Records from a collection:
· · ·

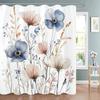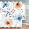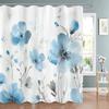 Modern Watercolor Blue Flowers Print Shower Curtain, Polyester Shower Curtain with Hooks for Bathroom Decorative Shower Curtain
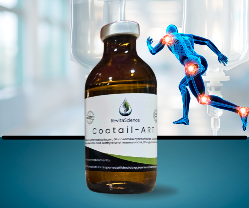 Coctail Art es un suero intravenoso diseñado para el cuidado y regeneración de las articulaciones, formulado con aminoácidos bioactivos, glicosaminoglicanos, minerales esenciales y cofactores antioxidantes. Su objetivo es nutrir, reparar y proteger el cartílago articular, reducir la inflamación y mejorar la movilidad en pacientes con desgaste o daño articular.
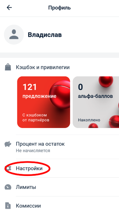 2. Нажать на профиль (левый верхний угол), выбрать Настройки.
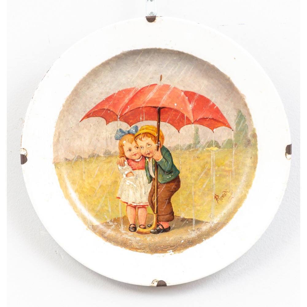 Piatto in ceramica dipinta raffigurante "Bimbi sotto la pioggia", firmato P.Mondi.
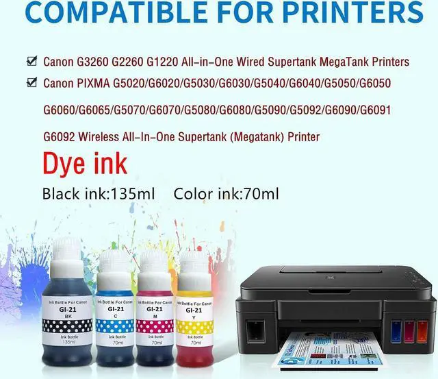 Please note: Gi-21 bottle ink are different from GI Series like GI290 GI26 GI23,They are compatible with different models. Please pay attention to whether your printer model is mentioned by us before buying.

· · ·

> _Task objective_:
Nothing but the lines from the one containing "Piatto in ceramica" through the end of the entries should be written out, exactly and without pictures.

> _Task answer_:
 Piatto in ceramica dipinta raffigurante "Bimbi sotto la pioggia", firmato P.Mondi.
 Please note: Gi-21 bottle ink are different from GI Series like GI290 GI26 GI23,They are compatible with different models. Please pay attention to whether your printer model is mentioned by us before buying.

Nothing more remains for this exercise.